Plaintiff's claim alleging loss of visitation for two months appears separate from his claims challenging the conditions of disciplinary segregation. In other words, plaintiff does not appear to claim that he was placed in disciplinary segregation for two months. In order to determine whether plaintiff's allegations regarding the loss of visitation state a colorable claim for relief, plaintiff must describe the rules violation convictions that resulted in the loss of visitation. Plaintiff must also describe the amount of time jail officials ordered that he be deprived of visitation for each separate conviction.

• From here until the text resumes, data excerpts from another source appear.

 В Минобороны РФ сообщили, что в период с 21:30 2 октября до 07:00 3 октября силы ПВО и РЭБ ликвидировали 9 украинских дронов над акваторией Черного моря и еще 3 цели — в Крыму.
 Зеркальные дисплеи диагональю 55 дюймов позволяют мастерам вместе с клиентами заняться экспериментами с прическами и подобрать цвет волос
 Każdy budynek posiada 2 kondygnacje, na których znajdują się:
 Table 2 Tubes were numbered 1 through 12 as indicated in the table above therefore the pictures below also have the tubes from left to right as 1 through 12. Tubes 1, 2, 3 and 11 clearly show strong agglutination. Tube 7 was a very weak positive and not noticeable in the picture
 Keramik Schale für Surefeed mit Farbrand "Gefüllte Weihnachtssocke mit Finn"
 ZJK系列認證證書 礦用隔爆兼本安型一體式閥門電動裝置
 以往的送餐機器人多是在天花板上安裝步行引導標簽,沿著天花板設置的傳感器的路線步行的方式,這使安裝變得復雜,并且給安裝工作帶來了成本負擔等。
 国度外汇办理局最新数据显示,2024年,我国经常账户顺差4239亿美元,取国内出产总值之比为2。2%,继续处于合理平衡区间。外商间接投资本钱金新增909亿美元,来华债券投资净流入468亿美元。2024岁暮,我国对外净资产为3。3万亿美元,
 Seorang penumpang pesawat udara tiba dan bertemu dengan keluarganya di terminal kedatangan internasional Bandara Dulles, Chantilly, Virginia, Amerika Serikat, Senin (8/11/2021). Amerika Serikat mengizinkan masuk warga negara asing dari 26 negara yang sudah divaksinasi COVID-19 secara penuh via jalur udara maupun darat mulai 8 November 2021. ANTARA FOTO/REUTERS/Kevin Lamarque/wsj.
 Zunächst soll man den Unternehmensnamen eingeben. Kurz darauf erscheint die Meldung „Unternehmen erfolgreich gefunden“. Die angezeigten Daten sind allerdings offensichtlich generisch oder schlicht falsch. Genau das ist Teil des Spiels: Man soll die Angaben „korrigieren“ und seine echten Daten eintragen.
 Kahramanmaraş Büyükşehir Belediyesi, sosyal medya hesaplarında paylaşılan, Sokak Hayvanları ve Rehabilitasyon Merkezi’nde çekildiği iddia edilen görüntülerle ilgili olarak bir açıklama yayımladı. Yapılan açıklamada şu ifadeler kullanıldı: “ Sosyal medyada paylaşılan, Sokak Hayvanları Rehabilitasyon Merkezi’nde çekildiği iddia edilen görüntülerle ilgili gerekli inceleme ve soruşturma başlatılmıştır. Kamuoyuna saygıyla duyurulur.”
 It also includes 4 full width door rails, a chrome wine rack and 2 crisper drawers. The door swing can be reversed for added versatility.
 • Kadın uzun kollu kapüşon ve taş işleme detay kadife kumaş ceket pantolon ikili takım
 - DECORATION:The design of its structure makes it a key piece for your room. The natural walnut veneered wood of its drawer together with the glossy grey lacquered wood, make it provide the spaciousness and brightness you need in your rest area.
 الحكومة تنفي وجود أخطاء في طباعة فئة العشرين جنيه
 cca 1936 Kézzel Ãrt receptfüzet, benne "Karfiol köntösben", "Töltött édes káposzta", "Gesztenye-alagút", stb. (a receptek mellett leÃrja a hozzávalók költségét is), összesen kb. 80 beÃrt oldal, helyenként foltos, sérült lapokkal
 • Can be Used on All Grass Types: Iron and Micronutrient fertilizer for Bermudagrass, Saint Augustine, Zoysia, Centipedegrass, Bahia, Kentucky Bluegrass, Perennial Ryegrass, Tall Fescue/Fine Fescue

As relief, plaintiff requests that defendants be ordered to provide him with a Kosher diet because he is Jewish. Plaintiff also requests that defendants be ordered to hire a Rabbi. Plaintiff does not allege, however, that defendants have denied his requests for a Kosher diet or access to a Rabbi. For these reasons, plaintiff's request for a Kosher diet and access to a Rabbi is not well supported.

Accordingly, IT IS HEREBY ORDERED that:

1. The findings and recommendations filed May 4, 2011 are vacated;

2. Plaintiff's amended complaint filed May 9, 2011 is dismissed with thirty days to file a second amended complaint; failure to file a second amended complaint within that time will result in a recommendation of dismissal of this action.